It took Anna every bit of strength she had to hold back her rage at this man. She had wanted to be his wife. Had wanted a life with him and to be loved by him with all the promise of their courtship, for all the years they lived. She’d believed her wedding vows. They hadn’t been simple words for her. They’d been a solemn promise to Alex. To her family. To herself.

And now it was all ending in this betrayal. His deliberate and calculating betrayal and the cold way he was justifying it.

‘Who the fuck are you?’ Anna looked at the stranger sitting opposite her. Who was he, this man who had lied and cheated; a man who had fundamentally changed under her very nose without her realising it.

‘I’m a man who is moving on, Anna. I suggest you do the same.’

Moving on? She suddenly wanted to scream at the top of her lungs:
Guess what, Alex? I’ve already done it and in one night he was a better lover than you ever were
. She saw Joe’s face and remembered how she’d felt in his arms. Desired. Free. A woman who for one night didn’t care about what other people would say. That feeling of mysterious confidence surged through her like a drug. Her fingers stopped shaking. She could breathe again.
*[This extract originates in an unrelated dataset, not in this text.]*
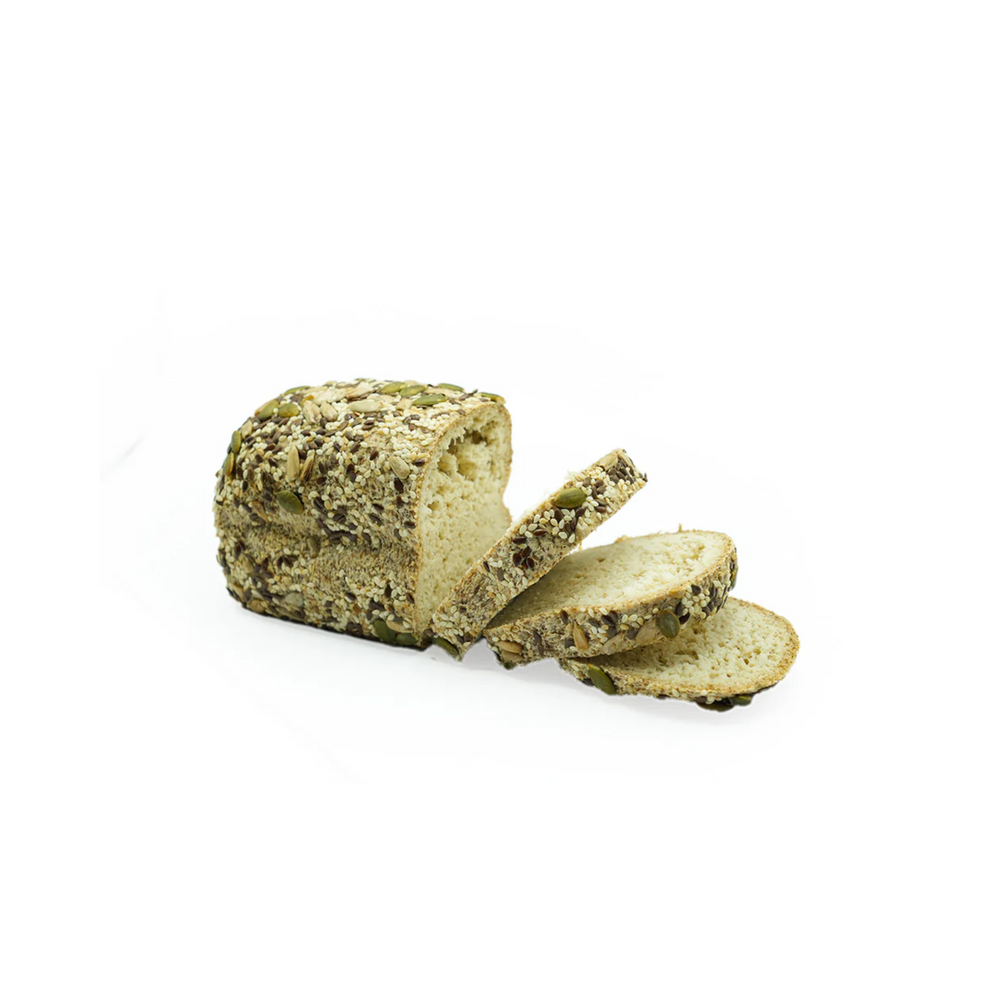 Ingredients: Almond Powder, Coconut Flour, Psyllium Husk, Pink Himalayan Salt, Extra Virgin Olive Oil, Apple Cider Vinegar, Baking Powder, Flax Seeds, Sunflower Seeds, Pumpkin Seeds, Sesame Seeds

The only thing she wanted to do to Alex now was walk away from him.

‘Why did you want to meet me, Alex? We could have done all this on the phone.’
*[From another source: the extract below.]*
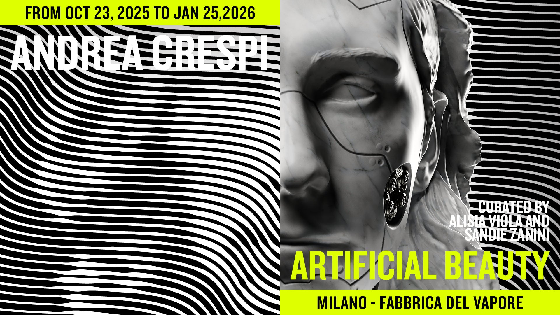 Artificial Beauty is a solo exhibition by Andrea Crespi, curated by Alisia Viola and Sandie Zanini, hosted at Fabbrica del Vapore from October 23rd, 2025 to January 25th, 2026.

The crowd of people at the table next to them all stood at once, their chairs scraping and echoing in the café. It was immediately filled by more people, who looked exactly like the ones who’d just left.

Alex finally met her eyes. ‘I didn’t want to do this on the phone or by email.’

‘You’re such a lawyer. What, are you scared of a paper trail?’

‘Don’t be like that.’

‘I’m not interested in how you think I should act.’ Anna felt a calm settle over her. An Italian calm.

‘I need to organise removalists to get the rest of my things from the house. Some furniture, the mid-century Danish pieces. My law books. The second TV and DVD player.’

Anna stilled ‘You wanted to meet me here, I’ve come all this way, cancelled my patients, to ask me about the DVD and the TV?’

‘They’re Bang & Olufsen.’

Anna lifted the coffee to her lips, considered it, and then swallowed it in one gulp. The milk froth heart disappeared into a smear on the sides of the cup.

‘One week,’ she said, rather too loudly for Alex’s liking, given the way he nervously looked to see who might have heard. ‘You have one week to sort that out before I change the locks.’

She rose on determined feet and hefted her handbag on to her shoulder.

‘Don’t get all Italian. Keep your voice down,’ he hissed under his breath.

Anna paused for a moment, wondered how satisfying it would be to create a scene. But she decided he wasn’t worth it. She leaned over the table, planted her palms flat and glared at him. This stranger. Her husband in name only until she could do something legal about that.

‘One week, Alex.’

CHAPTER
6

Joe rustled the Saturday paper and looked over the top of it at Lizzie’s neighbour, Harri Byrne. They were seated at her kitchen table, a freshly brewed pot of tea and two cups the only things between them and the general knowledge quiz.

‘I know you’ll get this one, Harri.’

Harri eyed him shrewdly. The seventy-something retired politician had recently been given a new hip and now sported an even hipper attitude.

‘Hit me. What’s the next question?’

‘Name the seat Gough Whitlam held in the Federal Parliament.’

Harri rolled her eyes. ‘You think I came down in the last shower? I campaigned for Gough. It was Werriwa in New South Wales.’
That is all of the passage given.